Imagen 3: A Guide With Examples in the Gemini API

Learn how to generate images using Google’s Imagen 3 API with Python, including setting up your environment and adjusting options like aspect ratio and safety filters.

Feb 26, 2025 · 12 min read

Imagen 3 is a text-to-image generation model which can accurately render detailed scenes in various styles and even incorporate text within images, making it suitable for applications like advertisement and media content creation.

We can use Imagen 3 through the Vertex AI Studio interface or integrate it directly into applications via an API.

In this tutorial, I’ll explain how to generate images with Imagen 3 using the Google Generating API with Python. I'll walk you through practical examples that show how to set up the environment, write the necessary code, and integrate this technology into your projects. Whether you are looking to enhance our applications with dynamic imagery or simply satisfy your curiosity, this guide will provide a straightforward path to understanding and using Imagen 3 programatically.

Develop AI Applications

Learn to build AI applications using the OpenAI API.

Start Upskilling For Free

Setting Up the Google Generative AI API

To get started with Imagen 3 in Python, we need to perform a couple of essential steps. First, we'll create a Google Cloud project. Once our project is ready, we need to generate an API key. This key will allow our Python code to interact with the Imagen 3 service.

Creating a Google Cloud project

Creating a Google Cloud project is the first step for using Google's AI API. Let's walk through the process together:

Access the Google Cloud console: We begin by navigating to the Google Cloud Console. You’ll need to sign in with your Google account.
Select or create a new project: In the console, look for the project dropdown menu on the top navigation bar. Clicking on it will reveal options to select an existing project or create a new one. We choose "New Project" to continue.
Provide project details: A simple form will appear asking for basic information. We can choose any name for the project, but it's helpful to pick something descriptive. This can be changed later if needed. We'll use Imagen-tutorial. The organization can be left blank.

Creating the API key

Now that the Google Cloud project is created, we can create an API key by navigating to the API key page in Google AI Studio.

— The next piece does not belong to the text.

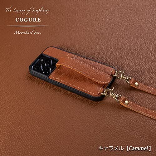 COGURE コグレ iPhone13 ケース ショルダーストラップ 本革 カード収納 落下防止 耐衝撃 ギフトボックス付き COPGC キャラメル【Caramel】

To create the key, click the "Create API key" button:

On the popup, type the name of the project we created above, select it, and click "Create API key in existing project":

Copy the key and create a file named .env located in the same folder where we’ll write the Python script. The content of the file .env should be:

GEMINI_API_KEY=<paste_your_key_here>

Billing account

If we tried using the API key now, we would get an error saying "Imagen API is only accessible to billed users at this time." This happens because the API isn't free, and we need to associate a billing account with the project before being able to use it.

At the time of writing, the price of generating an image with Imagen 3 is $0.03. Check their pricing page for more information.

To add a billing account, click the "Set up Billing" button next to the API key in Google AI Studio.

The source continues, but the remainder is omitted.